Богдан не ответил. И никак не отреагировал на неуклюжую попытку ускользнуть от его рук. Он казался неестественно спокойным, и хотя выглядел как обычно, Костя чувствовал, что в нём что-то изменилось. В глазах брата появился непривычный для него насмешливый огонёк.

— Ты хочешь пить, — не спрашивая, а скорее утверждая, сказал он.

— Да, — Костя кивнул. Жажда мучила всё сильнее. Он словно не пил несколько дней подряд. — Я что, всю ночь тут провалялся?

— Почти.

Богдан повернулся, отыскивая взглядом что-то за своей спиной. На столике у окна стоял графин с водой и пара стаканов. Наполнив один до половины, он опять наклонился к Косте и, просунув руку ему за спину, осторожно приподнял.

— Только не дёргайся, ладно? — всё тем же мягким, почти вкрадчивым тоном попросил он, поднося стакан к губам брата.

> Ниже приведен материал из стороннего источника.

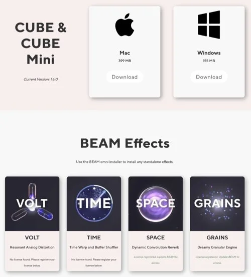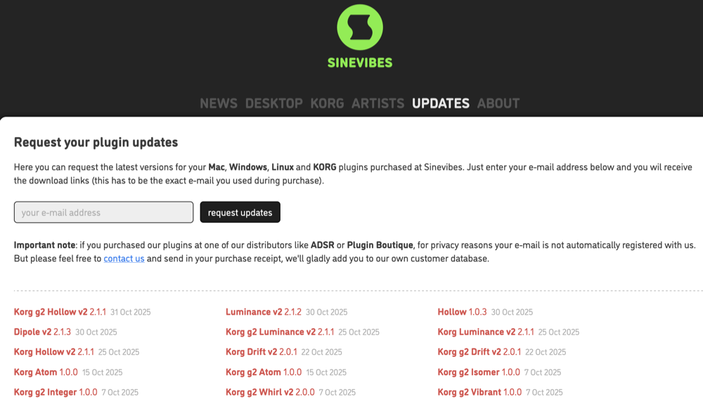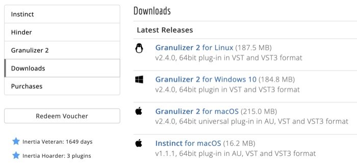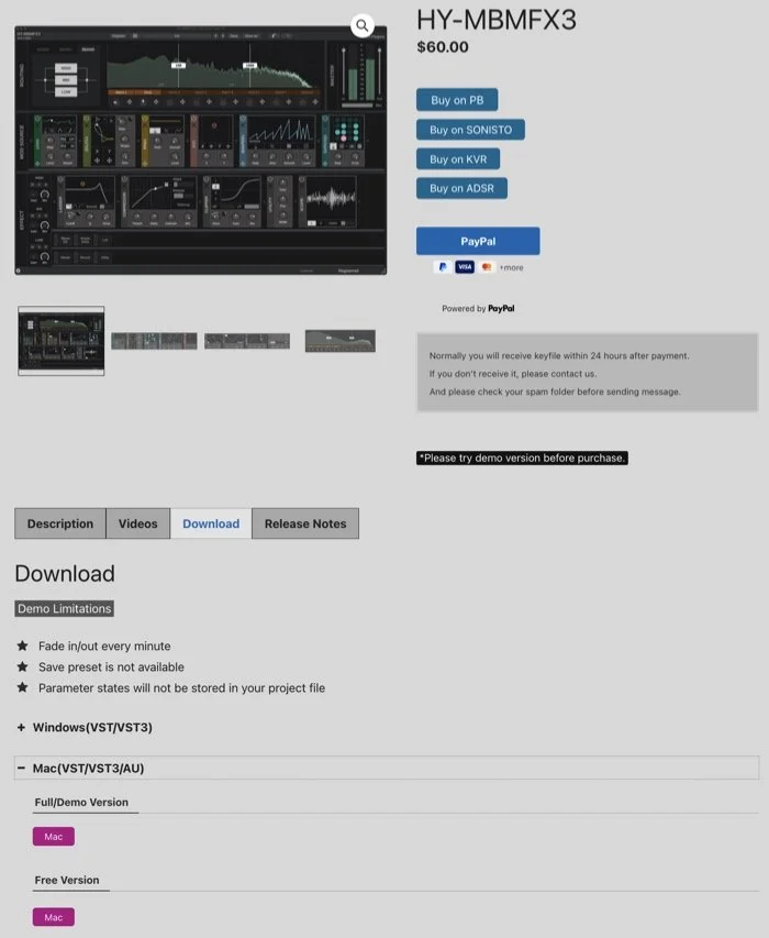 The issue I am wondering if anyone else has is remembering which format is which. One is a normal ITB plugin and the other is a special one for external hardware. Product shots must be found on the individual product pages, and as you can see in this example only the main version number is displayed, not the point updates.

Костя не рискнул вырываться и доказывать, что он в состоянии сделать несколько простых движений самостоятельно. Не потому, что боялся оказаться облитым водой, дело было в другом. Руки брата внезапно показались ему тяжёлыми оковами, способными в любую минуту сжаться сильнее и крепче, причиняя боль.

Богдан терпеливо ждал, пока он сделает несколько глотков, а потом убрал стакан и опустил Костю на подушку. Не отстраняясь, он провёл рукой по его лбу, убирая спутанные волосы и действуя настолько бережно, что у Кости сжалось сердце. Это оказалось последней каплей. Не пытаясь отодвинуться, он посмотрел брату в глаза.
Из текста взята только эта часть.